On aimerait peut-être
que cette formation stabilise sa composition – difficile quand on a les élèves
d’une école de musique – et se lance dans une œuvre plus ample qui pourrait
enrichir la palette de l’émotion, de l’empathie des violons et autres cordes
qui peuvent scander la pire terreur autant que la plus triste et même sardonique
histoire d’amour loupée, perdue, enfuie, comme la « Méditation de Thaïs »
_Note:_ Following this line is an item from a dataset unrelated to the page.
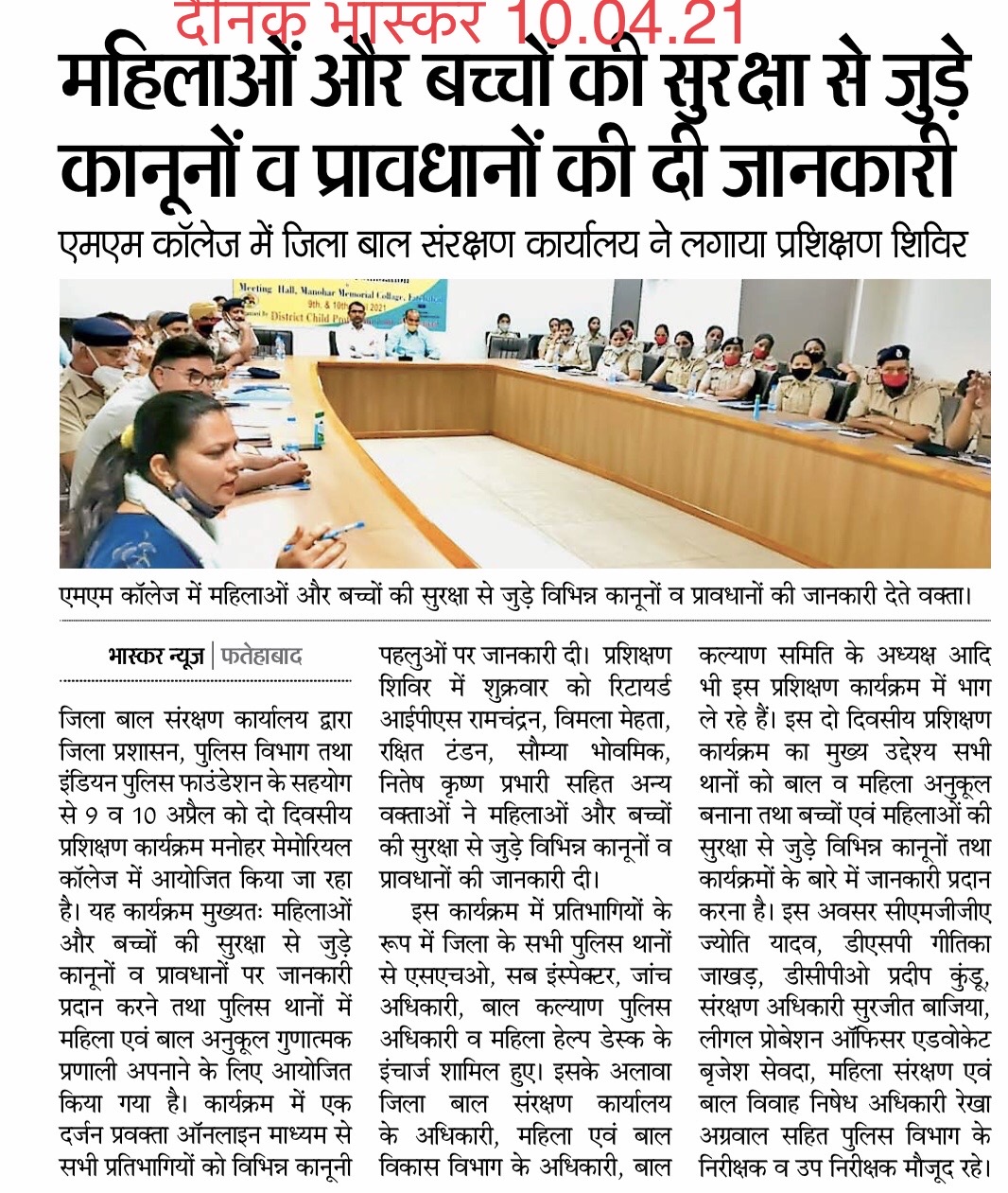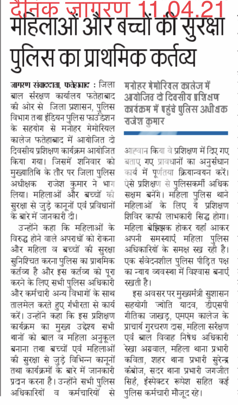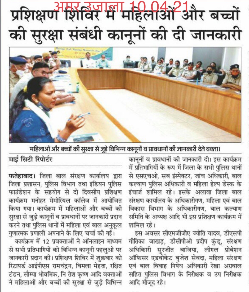 Two Day District Level Training Programme on Protection of the Rights of the Women & Children Gender Sensitive Policing & Inter Departmental Coordination in Collaboration with Indian Police Foundation Organised by District Child Protection Unit.
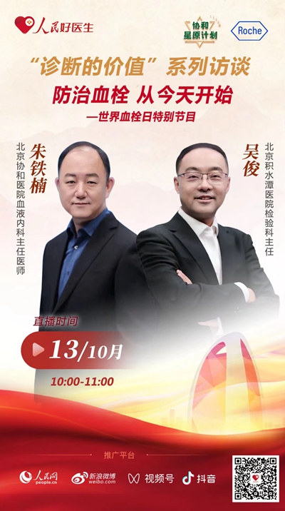 10月13日10:00至11:00,“診斷的價(jià)值”系列訪談之世界血栓日特別節(jié)目——“防治血栓,從今天開始”,特別邀請(qǐng)到北京協(xié)和醫(yī)院血液內(nèi)科主任醫(yī)師朱鐵楠、北京積水潭醫(yī)院檢驗(yàn)科主任吳俊做客“人民好醫(yī)生”直播間,為公眾詳細(xì)解析科普血栓防治相關(guān)內(nèi)容,歡迎屆時(shí)收看。

de Massenet. On aimerait en entendre plus de cette musique, mais ne suis-je pas
illusionné par la participation de Hiroe Namba comme soliste de cette pièce, la
violoniste invitée. La musique semble même se perdre totalement dans les limbes
de je ne sais quelle inconscience avant de retomber sur terre dans la plus pure
contemplation intérieure quasiment ombilicale.
Les deux mouvements
du concerto de Telemann tiennent leur charme et leur puissance au fait que les
solistes sont un alto et un violoncelle. L’alto est un instrument souvent
négligé dans la gamme des cordes alors qu’il a la virilité puissante de son ton
un peu sombre comme l’adolescent qu’est le violon quand il passe la dernière
mue de l’âge adulte vers vingt ans, celle de la perte de sa virginité d’argent
et je dois dire que François Schmitt en fait un vrai prodige de cet alto
soutenu en arrière par les violons plus réguliers. Le violoncelle lui est un
instrument si féminin qu’il en est érotiquement chantant, disons même
probablement sexuellement attirant pour beaucoup et Bénédicte Piat en fait un
vrai plaisir diabolique comme dans les Sorcières d’Eastwick. Il ne manque
vraiment que la grande basse de Jack Nicholson pour que le Sabbat commence.
Je suis moins
convaincu par le « Chant des Oiseaux » de Pablo Casals. Pièce de
circonstance plus que d’émotion. Pièce pratiquement de conservatoire, peut-être
naturel et plein d’oiseaux.
L’ « Impromptu »
de Jean Sibelius est enfin capable de sous-tendre une rythmique superficielle
par une rythmique profonde même si elles sont presque concomitantes, la
souterraine peut-être à peine syncopée mais puissante et inquiétante ; Ne
croyez pas ce que vos yeux vous disent. La réalité est souvent bien autre. Et
on peut alors se lancer dans une musique de surface plus dynamique qui efface l’inquiétant
de la profondeur. Qu’il est doux d’en rester à la surface des choses ! Au moins
on ne peut pas se noyer dans une onde trop profonde. Ophélie est sauvée. Et
Hamlet est allé mourir seul plus loin dans la profondeur d’une tombe, ce qui alanguit
la fin du morceau qui retrouve un peu de l’abattement du début mais sans la
rythmique profonde et sombre de la mort qui nous tient et tire par les pieds
comme on se permet parfois de tirer le diable par la queue ou par les cornes.